The software sector seemed to be in the crosshairs of agentic AI, and funds like the iShares Expanded Tech-Software Sector ETF (BATS: IGV) lost more than 35% of their value between September and April. However, strong earnings from companies like Fortinet showed that AI can complement software platforms rather than wipe them out. Fortinet smashed expectations in Q1 2026, beating both top and bottom line estimates and posting 20% year-over-year (YOY) revenue growth.
Management also raised full-year guidance and repurchased more than $800 million worth of stock. So why is this stock on a “time to sell” list? Because sometimes the most important technical signals aren’t shown on the charts. Insiders have been selling stock at a faster rate over the last two quarters, including a $23 million sale from CEO Ken Xie.
There has been no significant insider buying in the past year, and insider selling at a technical top is often a warning sign. Widening Bollinger Bands indicate that volatile trading has become the norm for FTNT shares, and the Moving Average Convergence Divergence (MACD) indicator has turned bearish following the strong rally. The company’s long-term fundamentals still look promising, but it might be wise to take some short-term profits now.
Amprius: Technical Breakdown Amid Negative Catalysts
Amprius Technologies Inc. (NYSE: AMPX) lacks the strong fundamental foundation that Fortinet has, which means its downturn could be much sharper.
The lithium-ion battery producer is beating revenue estimates, and its stock is still up more than 100% YTD, but the rally is faltering amid concerns about the quality of its revenue. A recent report by a short-seller claims that the company inflates its orders and engages in undisclosed transactions with a related party affiliated with Amprius’s CEO.
The company also reported a larger-than-expected loss in its Q1 2026 earnings report on May 6, and insiders have sold $83 million worth of shares over the last three quarters, without a single buy.

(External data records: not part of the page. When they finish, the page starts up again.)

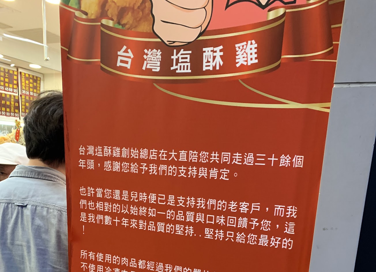 趁著人潮沒那麼多時,趕快來買,才不會等太久。在櫃檯前面的下方居然是鏡子,所以有了這張等待鹹酥雞的腳的相片? …
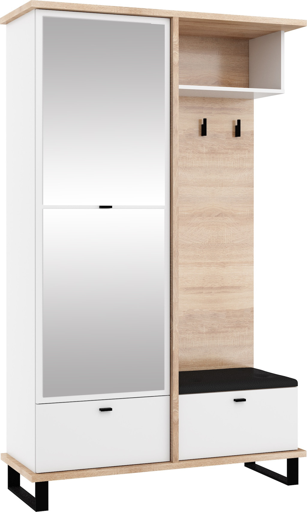Cross előszoba bútor tükörrel - Világos Sonoma tölgy - Fehér - Fekete huzat
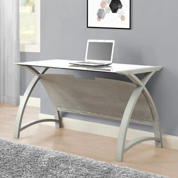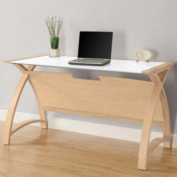 The Helsinki Wide Desk combines a real wood veneer finish with a unique curved design. With ample workspace and a supplied modesty panel, it is both stylish and functional.

AMPX might be heading for the dreaded double top pattern, and other signals suggest that the fun is over. Both the RSI and MACD have been trending down since the middle of March, and now the former has spent most of the last six weeks in bearish territory. AMPX isn’t profitable yet, and short sellers are openly questioning its revenue streams, so it would be wise to avoid this stock or take profits while you can.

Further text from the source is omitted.